Recent articles “Death of dos Santos and Leadership at the Top” by Tom Fox, and “Assessing Character: The Indispensable CEO Quality,” discuss recent studies supporting the essential need for character and leadership in a CEO and executive teams.

The single most important way to see if a potential C-suite hire is ethical is to run an executive due diligence investigation on candidates by an external investigative firm (a neutral third party assessment). Standard employment background checks cannot effectively detect this type of information and does not include an open source investigation OSINT/ HUMINT which may find such behavioral issues. Having a proper due diligence investigation risk program in place can save a company substantially in customers, market share, employees, and reputation costs. Lack of executive due diligence can open a company to a range of problems from fraud, sexual harassment, racketeering, bribery, money laundering, to acts of malfeasance and a wide range of misconduct.

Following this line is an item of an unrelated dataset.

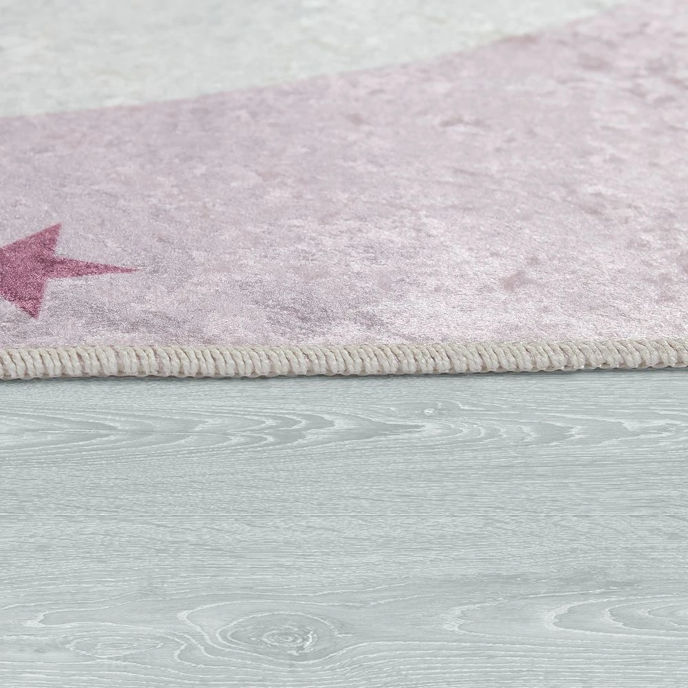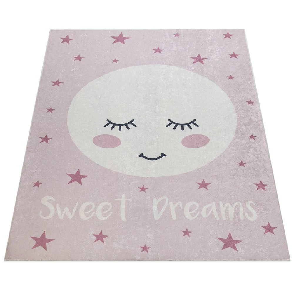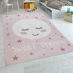 Points forts Paco-Home Tapis Enfant Chambre Enfant Filles Lavable Étoiles Mignon Lune Inscription Rose

Uber operates in numerous countries. The quality and availability of background checks in those countries vary, as do the laws. This does not alleviate a company from responsibility if something were to happen. Effective due diligence can help identify a range of risk issues and therefore enable the company to mitigate those risks.

When Damage Control is Reactionary

Some of the findings released in the Uber files, suggest that government authorities should be taking a closer look. When controversy arises, not only are there potential monetary costs, such as fines if criminal charges or civil penalties result, drop in share price and direct loss of customers. Add to this, but harder to quantify, are financial losses such as the company’s morale, departure of good executives and employees, and time and resources used to respond to the crisis. The best protection is not letting bad actors and rogue players into your company to start with.


Uber has suffered reputational loss multiple times in the past. These were “accepted” as part of a strategy to become a dominant player and disrupt an industry globally.  Along with the loss of market share in 2017, the financial cost for dealing with replacing the numerous employees fired, legal fees, and cost of internal changes, the bad actions of the past continue to plague the company. 

The takeaway is that the most effective way of preventing long-term reputational damage and its costs, is keeping bad actors out from the start. Executive due diligence investigations are the best preventative strategy to go about this.  It should be in every risk manager’s quiver of resources to protect the company.  For large corporations the board of directors is better protected in terms of its fiduciary duty of care.  To protect corporations ensure that due diligence investigations are completed prior to on-boarding new executives and forming key business partnerships. What this means for Uber today, and going forward, is yet to be seen.